Address: Via Ricci 11, Montepulciano
Official site: www.museocivicomontepulciano.it
5 St. Augustine
The church’s handsome Renaissance façade, along with the terracotta relief in the tympanum above the door, is by Michelozzo di Bartolommeo, who collaborated with the eminent Florentine architect Brunelleschi and was a supporter of the sculptor Donatello. However, the church is from several centuries before. It was begun in 1285 and is the oldest surviving church building in Montepulciano. Restorations in the late 17th century significantly altered the interior and removed the previous aisles. Look on the high altar for the wooden crucifix attributed to Donatello. In front of the church is a bell tower topped by a Pulcinella from the 16th century that strikes a bell on the hour.

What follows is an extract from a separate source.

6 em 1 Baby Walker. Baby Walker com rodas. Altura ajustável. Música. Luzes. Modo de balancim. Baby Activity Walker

Address: Piazza Michelozzo, Montepulciano
6 Santa Maria dei Servi
The Church of Santa Maria dei Servi is located just outside the city walls. Built in the 14th century, the exterior is Gothic in style, but the elegant Baroque interior was the work of Andrea Pozzo in the late 17th century. Inside, look for a 14th-century fresco of the Madonna of the Sienese school, a painted panel of the Madonna and Child in a larger fresco, and a fresco of the crucifix.
Address: Via di Collazzi, 78, Montepulciano
7 St. Agnes
Outside the walls on the north side of town is the Church of Sant’Agnese, dedicated to St. Agnes of Montepulciano, a Dominican prioress who died in 1317 and is the town’s patron saint. It stands on the site of the former church of Santa Maria Novella, which was built by St. Agnes himself. Although the facade has been rebuilt, it retains the Gothic portal. In the first chapel on the right is a fresco of the Madonna, from the school of Simone Martini; on the main altar is the reliquary of the saint from the 17th century. Adjacent to the church is a cloister with frescoes.

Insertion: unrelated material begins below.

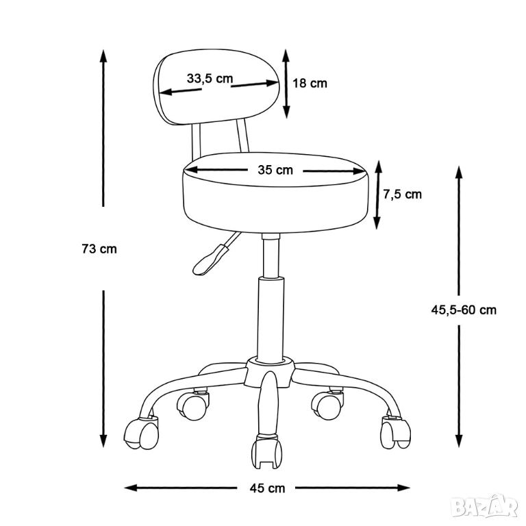 • Тип: козметична / медицинска табуретка с облегалка

Adres: Porta al Prato, Montepulciano
8 Palazzo Avignonesi
The Palazzo Avignonesi is probably designed by Giácomo da Vignola, whose real name was Giácomo Barozzi, in the 16th century. The late renaissance facade has rustic stonework on the ground floor and windows on the upper floors with alternating triangular and arched fronts. In the square in front of the palace is a column with the Marzocco, a lion that symbolized the authority of Florence. The lion is the work of the sculptor Sarrocchi.

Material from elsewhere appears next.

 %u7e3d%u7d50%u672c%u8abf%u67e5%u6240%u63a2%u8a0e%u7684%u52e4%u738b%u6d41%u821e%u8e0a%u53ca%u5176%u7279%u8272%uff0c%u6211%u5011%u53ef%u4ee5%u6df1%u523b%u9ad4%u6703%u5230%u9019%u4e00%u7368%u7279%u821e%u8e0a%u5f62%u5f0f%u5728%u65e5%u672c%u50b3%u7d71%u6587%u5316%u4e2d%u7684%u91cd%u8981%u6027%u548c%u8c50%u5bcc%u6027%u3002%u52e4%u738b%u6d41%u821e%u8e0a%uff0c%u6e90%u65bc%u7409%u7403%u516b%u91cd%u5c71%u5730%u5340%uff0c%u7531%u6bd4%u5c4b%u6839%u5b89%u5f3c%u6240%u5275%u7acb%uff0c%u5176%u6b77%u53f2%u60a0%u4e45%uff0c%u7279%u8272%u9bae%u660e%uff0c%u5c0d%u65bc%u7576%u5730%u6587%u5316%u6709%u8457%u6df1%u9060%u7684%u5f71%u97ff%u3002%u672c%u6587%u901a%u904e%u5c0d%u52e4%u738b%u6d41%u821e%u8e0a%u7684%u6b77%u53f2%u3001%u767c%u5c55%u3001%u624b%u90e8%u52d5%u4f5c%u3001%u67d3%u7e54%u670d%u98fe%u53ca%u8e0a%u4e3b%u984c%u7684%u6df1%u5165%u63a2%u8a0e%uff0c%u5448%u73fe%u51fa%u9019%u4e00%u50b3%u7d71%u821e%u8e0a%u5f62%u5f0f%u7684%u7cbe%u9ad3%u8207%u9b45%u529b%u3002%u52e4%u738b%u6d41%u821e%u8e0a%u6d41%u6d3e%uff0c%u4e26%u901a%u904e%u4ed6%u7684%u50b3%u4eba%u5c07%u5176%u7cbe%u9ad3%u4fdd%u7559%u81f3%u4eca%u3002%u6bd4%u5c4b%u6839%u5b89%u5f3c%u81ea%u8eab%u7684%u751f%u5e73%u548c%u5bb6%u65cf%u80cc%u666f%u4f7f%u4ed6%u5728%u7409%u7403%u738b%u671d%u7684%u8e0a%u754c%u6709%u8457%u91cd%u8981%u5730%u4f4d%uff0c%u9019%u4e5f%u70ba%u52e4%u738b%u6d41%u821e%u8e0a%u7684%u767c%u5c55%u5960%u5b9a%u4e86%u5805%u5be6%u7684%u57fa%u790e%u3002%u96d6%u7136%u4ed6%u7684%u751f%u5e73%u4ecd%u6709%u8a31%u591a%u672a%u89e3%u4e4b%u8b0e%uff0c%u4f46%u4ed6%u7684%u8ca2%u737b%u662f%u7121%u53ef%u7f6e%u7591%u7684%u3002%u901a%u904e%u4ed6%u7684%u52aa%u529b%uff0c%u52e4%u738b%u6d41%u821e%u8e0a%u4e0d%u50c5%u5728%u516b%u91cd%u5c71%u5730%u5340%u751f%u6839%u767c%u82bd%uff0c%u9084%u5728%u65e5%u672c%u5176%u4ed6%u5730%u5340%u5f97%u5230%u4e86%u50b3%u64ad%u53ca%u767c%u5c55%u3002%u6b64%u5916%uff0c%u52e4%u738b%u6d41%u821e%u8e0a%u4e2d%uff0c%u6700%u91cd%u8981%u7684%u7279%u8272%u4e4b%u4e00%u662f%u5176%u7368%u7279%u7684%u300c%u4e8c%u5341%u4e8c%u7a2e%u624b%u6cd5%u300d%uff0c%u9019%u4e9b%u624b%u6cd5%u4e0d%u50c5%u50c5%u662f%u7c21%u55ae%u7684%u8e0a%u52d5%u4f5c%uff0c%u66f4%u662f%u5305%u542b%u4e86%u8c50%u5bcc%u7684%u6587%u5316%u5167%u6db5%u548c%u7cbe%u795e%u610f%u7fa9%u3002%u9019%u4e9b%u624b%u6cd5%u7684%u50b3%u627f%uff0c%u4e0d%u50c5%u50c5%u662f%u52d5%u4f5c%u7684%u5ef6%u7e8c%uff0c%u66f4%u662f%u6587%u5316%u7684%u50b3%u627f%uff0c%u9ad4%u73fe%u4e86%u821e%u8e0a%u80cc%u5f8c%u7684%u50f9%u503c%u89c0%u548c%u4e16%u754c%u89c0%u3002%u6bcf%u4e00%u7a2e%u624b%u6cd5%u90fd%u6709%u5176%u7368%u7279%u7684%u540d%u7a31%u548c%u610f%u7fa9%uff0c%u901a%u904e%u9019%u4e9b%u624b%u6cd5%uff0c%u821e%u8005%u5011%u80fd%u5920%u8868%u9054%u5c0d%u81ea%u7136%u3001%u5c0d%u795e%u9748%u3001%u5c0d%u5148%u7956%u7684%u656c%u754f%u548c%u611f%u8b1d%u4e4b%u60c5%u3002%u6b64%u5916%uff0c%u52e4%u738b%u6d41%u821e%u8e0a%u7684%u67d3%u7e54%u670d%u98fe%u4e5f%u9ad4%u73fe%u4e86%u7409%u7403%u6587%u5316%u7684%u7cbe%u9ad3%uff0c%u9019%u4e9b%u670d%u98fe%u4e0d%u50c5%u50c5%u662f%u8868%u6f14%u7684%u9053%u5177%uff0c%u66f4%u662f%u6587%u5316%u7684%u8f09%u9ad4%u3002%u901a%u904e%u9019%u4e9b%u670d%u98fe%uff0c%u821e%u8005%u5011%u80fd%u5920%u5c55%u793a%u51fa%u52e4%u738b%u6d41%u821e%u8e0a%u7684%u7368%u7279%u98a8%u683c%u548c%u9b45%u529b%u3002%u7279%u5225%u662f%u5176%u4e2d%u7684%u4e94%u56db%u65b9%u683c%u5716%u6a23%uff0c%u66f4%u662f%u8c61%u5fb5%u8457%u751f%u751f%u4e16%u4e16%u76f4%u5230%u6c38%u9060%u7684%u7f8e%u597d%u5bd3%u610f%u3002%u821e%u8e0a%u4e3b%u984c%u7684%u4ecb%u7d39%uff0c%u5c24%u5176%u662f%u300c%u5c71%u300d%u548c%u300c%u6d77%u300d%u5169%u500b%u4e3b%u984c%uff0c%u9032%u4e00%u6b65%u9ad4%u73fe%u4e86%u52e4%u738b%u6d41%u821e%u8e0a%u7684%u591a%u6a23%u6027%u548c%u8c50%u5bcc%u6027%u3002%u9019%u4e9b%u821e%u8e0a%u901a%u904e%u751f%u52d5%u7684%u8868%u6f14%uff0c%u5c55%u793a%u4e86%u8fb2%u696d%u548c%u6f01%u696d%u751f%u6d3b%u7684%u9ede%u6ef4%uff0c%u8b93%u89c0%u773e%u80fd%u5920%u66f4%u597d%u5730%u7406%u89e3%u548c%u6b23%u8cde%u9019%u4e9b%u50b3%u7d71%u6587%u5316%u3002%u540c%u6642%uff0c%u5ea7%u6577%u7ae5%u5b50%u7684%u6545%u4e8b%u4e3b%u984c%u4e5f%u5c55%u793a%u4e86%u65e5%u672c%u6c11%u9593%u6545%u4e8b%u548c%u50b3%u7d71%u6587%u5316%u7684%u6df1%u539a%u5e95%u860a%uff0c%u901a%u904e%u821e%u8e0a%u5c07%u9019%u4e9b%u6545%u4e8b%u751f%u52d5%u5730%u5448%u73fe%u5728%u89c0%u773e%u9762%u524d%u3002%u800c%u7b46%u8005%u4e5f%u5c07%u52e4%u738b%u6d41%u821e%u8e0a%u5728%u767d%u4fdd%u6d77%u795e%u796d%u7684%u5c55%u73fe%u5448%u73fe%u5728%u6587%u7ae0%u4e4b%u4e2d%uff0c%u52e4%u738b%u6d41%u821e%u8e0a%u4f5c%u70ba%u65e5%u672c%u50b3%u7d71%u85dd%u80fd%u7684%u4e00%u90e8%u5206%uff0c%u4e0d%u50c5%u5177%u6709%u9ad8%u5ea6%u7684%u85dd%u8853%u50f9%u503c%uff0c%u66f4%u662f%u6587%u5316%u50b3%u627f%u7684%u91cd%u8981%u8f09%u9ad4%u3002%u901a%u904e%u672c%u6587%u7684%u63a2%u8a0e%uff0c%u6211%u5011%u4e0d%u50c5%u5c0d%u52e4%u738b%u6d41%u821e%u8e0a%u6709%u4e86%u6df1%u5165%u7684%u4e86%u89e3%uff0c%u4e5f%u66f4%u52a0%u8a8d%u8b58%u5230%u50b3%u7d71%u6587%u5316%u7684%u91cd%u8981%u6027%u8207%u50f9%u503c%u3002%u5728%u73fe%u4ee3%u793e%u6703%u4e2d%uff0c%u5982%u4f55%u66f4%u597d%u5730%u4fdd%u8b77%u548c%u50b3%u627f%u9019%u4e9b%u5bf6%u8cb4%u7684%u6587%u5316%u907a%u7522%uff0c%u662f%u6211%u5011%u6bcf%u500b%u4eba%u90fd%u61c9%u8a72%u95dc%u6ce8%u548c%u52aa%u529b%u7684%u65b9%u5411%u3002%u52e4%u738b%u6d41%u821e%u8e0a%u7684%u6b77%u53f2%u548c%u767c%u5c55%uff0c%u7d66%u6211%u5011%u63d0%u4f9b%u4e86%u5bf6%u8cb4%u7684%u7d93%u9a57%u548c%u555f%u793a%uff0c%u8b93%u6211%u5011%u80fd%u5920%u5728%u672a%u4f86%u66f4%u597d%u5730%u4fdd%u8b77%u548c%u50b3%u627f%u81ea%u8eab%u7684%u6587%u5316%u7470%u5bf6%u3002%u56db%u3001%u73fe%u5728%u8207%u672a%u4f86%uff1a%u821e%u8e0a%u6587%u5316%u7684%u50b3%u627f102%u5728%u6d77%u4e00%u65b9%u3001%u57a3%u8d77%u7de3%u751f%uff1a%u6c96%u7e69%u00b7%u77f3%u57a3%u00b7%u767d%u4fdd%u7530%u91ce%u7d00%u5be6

Address: Via di Gracciano 99, Montepulciano
Official site: www.palazzoavignonesi.com
Day trips from Montepulciano
In the Val di Chiana, about 20 kilometers southeast of Montepulciano, Chiusi was an important Etruscan city by the sixth century BC and later a Roman city. The Museo Nazionale Etrusco (National Etruscan Museum) has a rich collection of Etruscan material and Greek pottery recovered from excavations in the Chiusi area. You will see ash urns, sarcophagi, bronze and pottery masks, tombstones, amphorae and canopic jars. The museum offers an excellent insight into the life of the Etruscans, their cult of the dead, their craftsmanship and their artistic sensibility. Ask at the museum about visiting some of the Etruscan tombs in the area. Some of these are open and contain wall paintings, urns and sarcophagi.